Records from a collection =>
---*---

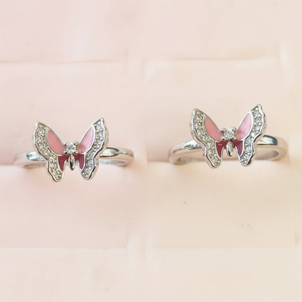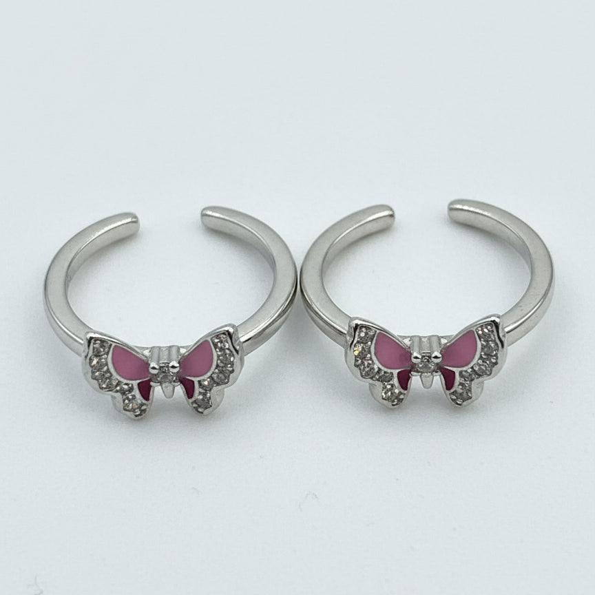 925 Sterling Silver Pink Butterfly Adjustable Toe Ring | Enamel CZ Silver Bichiya for Women
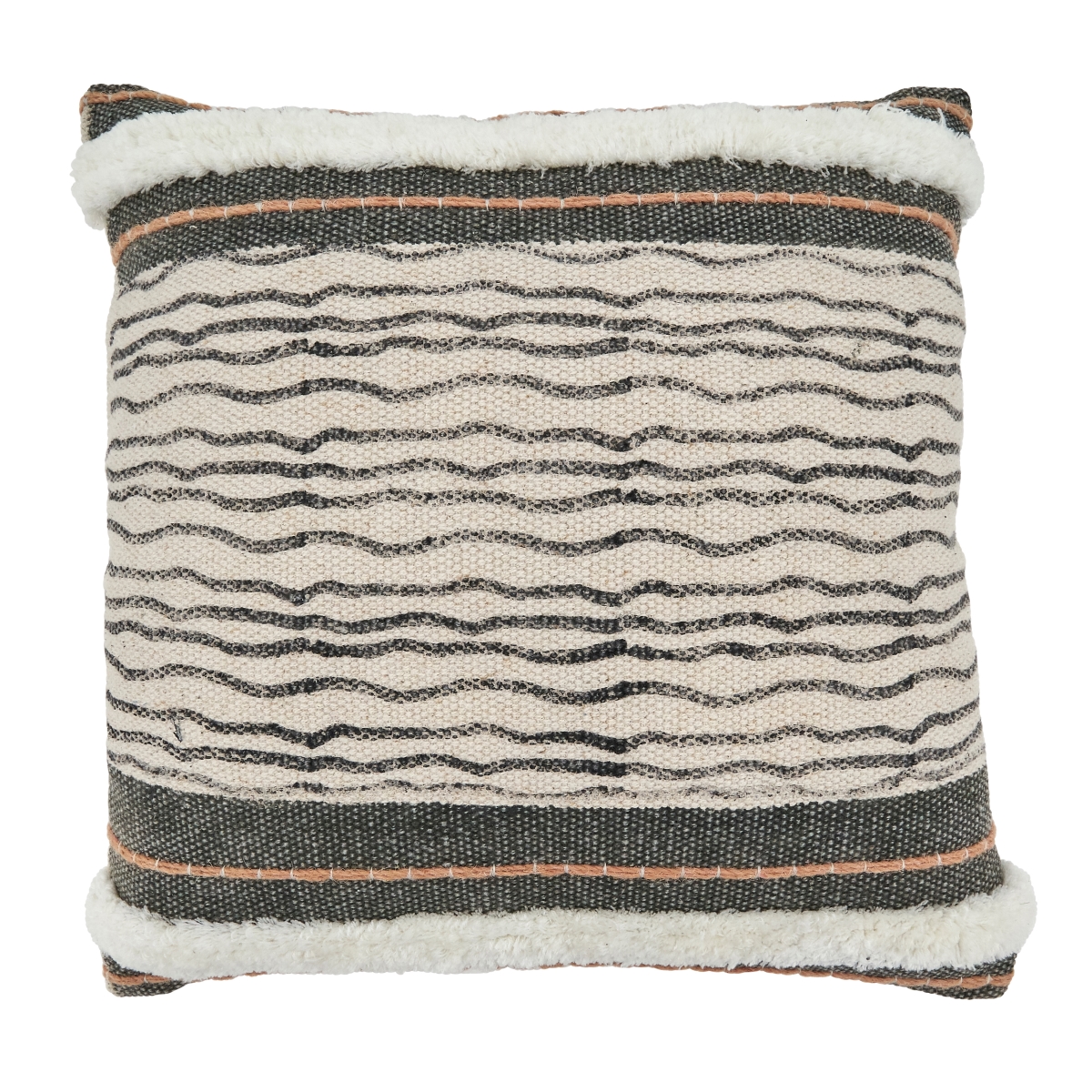 SARO 7140.M20SD 20 in. Square Printed & Embroidered Down Filled Throw Pillow with Stripe Design
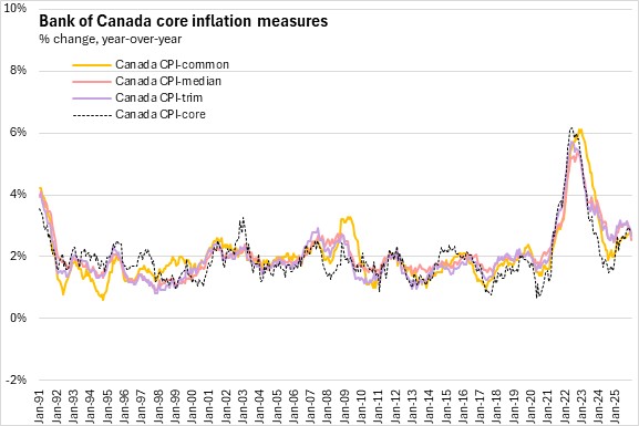 The Bank of Canada's year-over-year core inflation measures in December 2025 were:
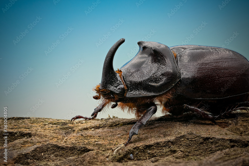 Macro shot of European rhinoceros beetle (Oryctes nasicornis) #361004805
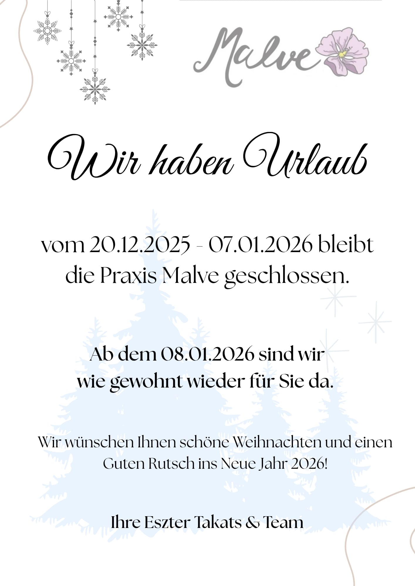 vom 20.12.2025-07.01.2026 bleibt die Praxis Malve geschlossen.
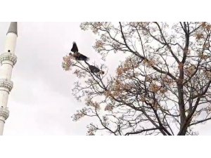Ankara'da ağaçta kediyle karganın gülümseten kavgası cep telefonu kamerasına yansıdı.
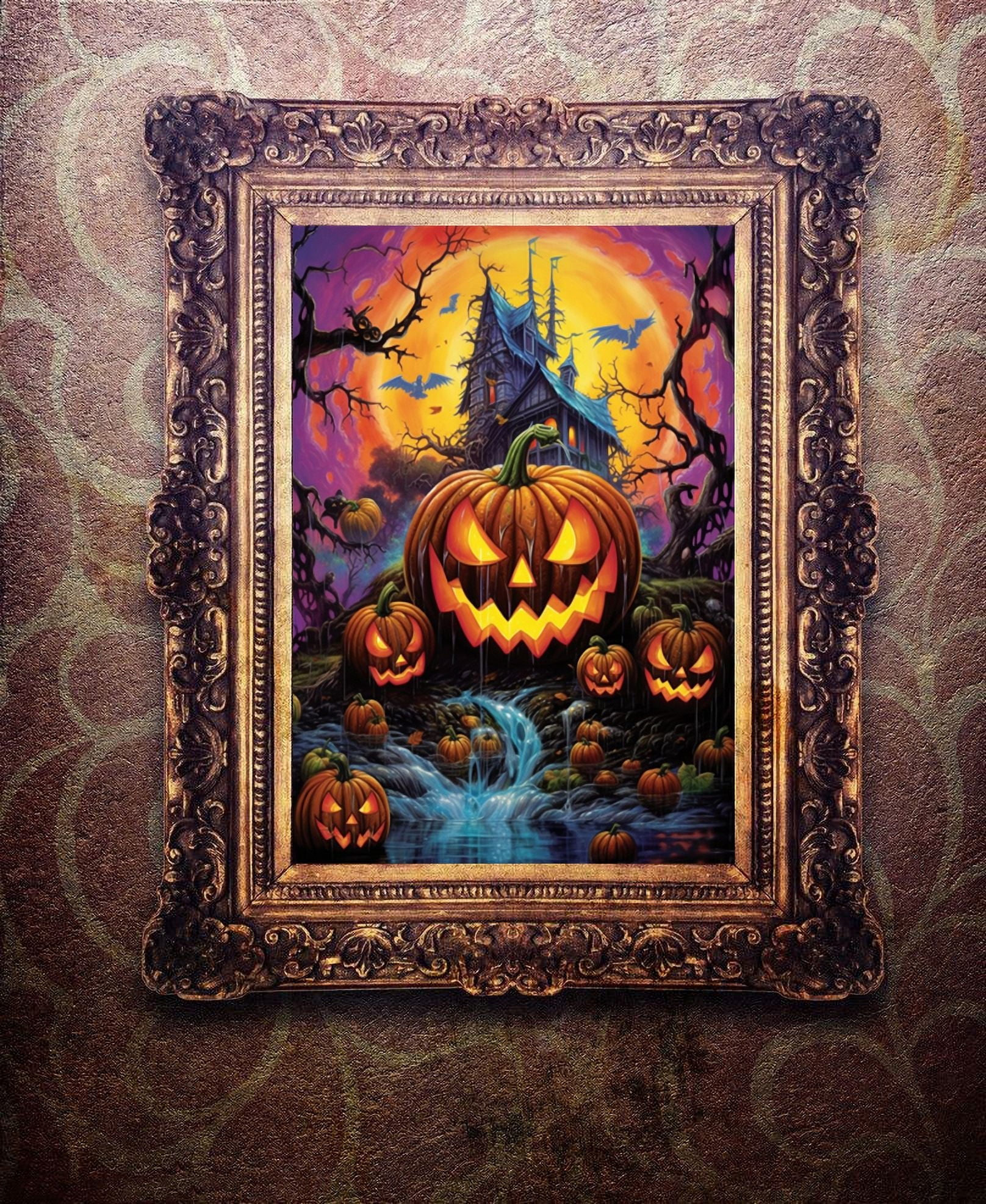 Halloween Pumpkins Diamond Painting captures the spooky charm of Halloween with vibrant, intricately arranged diamonds. The artwork showcases classic jack-o'-lanterns, bringing a festive and eerie atmosphere to your space. Perfect for Halloween lovers and diamond painting enthusiasts alike, it adds a colorful, seasonal touch to any home.
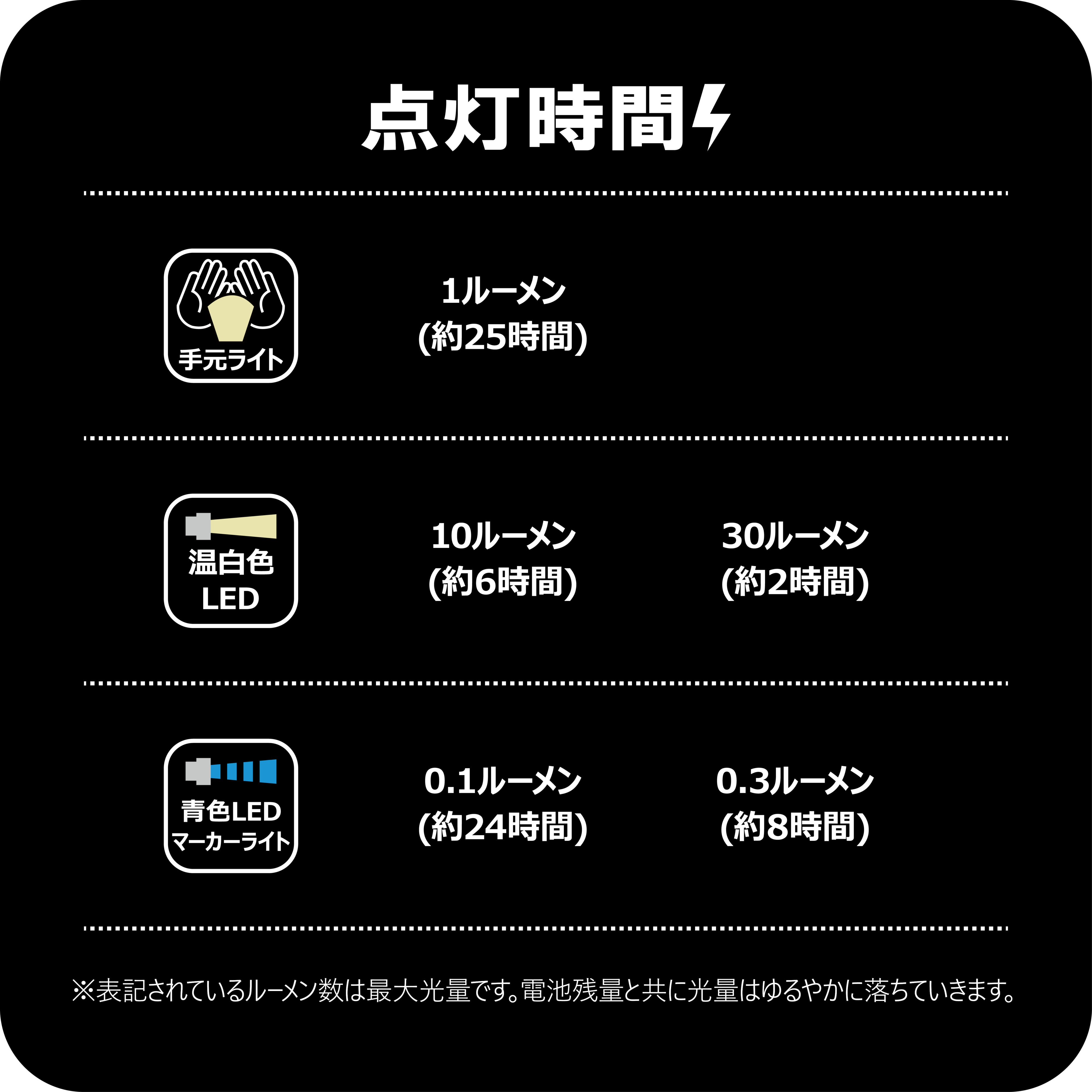 ●誤動作による点灯を防ぐロック機能付(1秒間に2度押しでロック解除)。
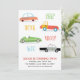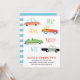 Invitación a la fiesta de cumpleaños de un niño con un coche de carreras, un coche de policía.

---*---

To do => What is needed is an exact copy of all the data, with no images in it.

Result =>
 925 Sterling Silver Pink Butterfly Adjustable Toe Ring | Enamel CZ Silver Bichiya for Women
 SARO 7140.M20SD 20 in. Square Printed & Embroidered Down Filled Throw Pillow with Stripe Design
 The Bank of Canada's year-over-year core inflation measures in December 2025 were:
 Macro shot of European rhinoceros beetle (Oryctes nasicornis) #361004805
 vom 20.12.2025-07.01.2026 bleibt die Praxis Malve geschlossen.
Ankara'da ağaçta kediyle karganın gülümseten kavgası cep telefonu kamerasına yansıdı.
 Halloween Pumpkins Diamond Painting captures the spooky charm of Halloween with vibrant, intricately arranged diamonds. The artwork showcases classic jack-o'-lanterns, bringing a festive and eerie atmosphere to your space. Perfect for Halloween lovers and diamond painting enthusiasts alike, it adds a colorful, seasonal touch to any home.
 ●誤動作による点灯を防ぐロック機能付(1秒間に2度押しでロック解除)。
 Invitación a la fiesta de cumpleaños de un niño con un coche de carreras, un coche de policía.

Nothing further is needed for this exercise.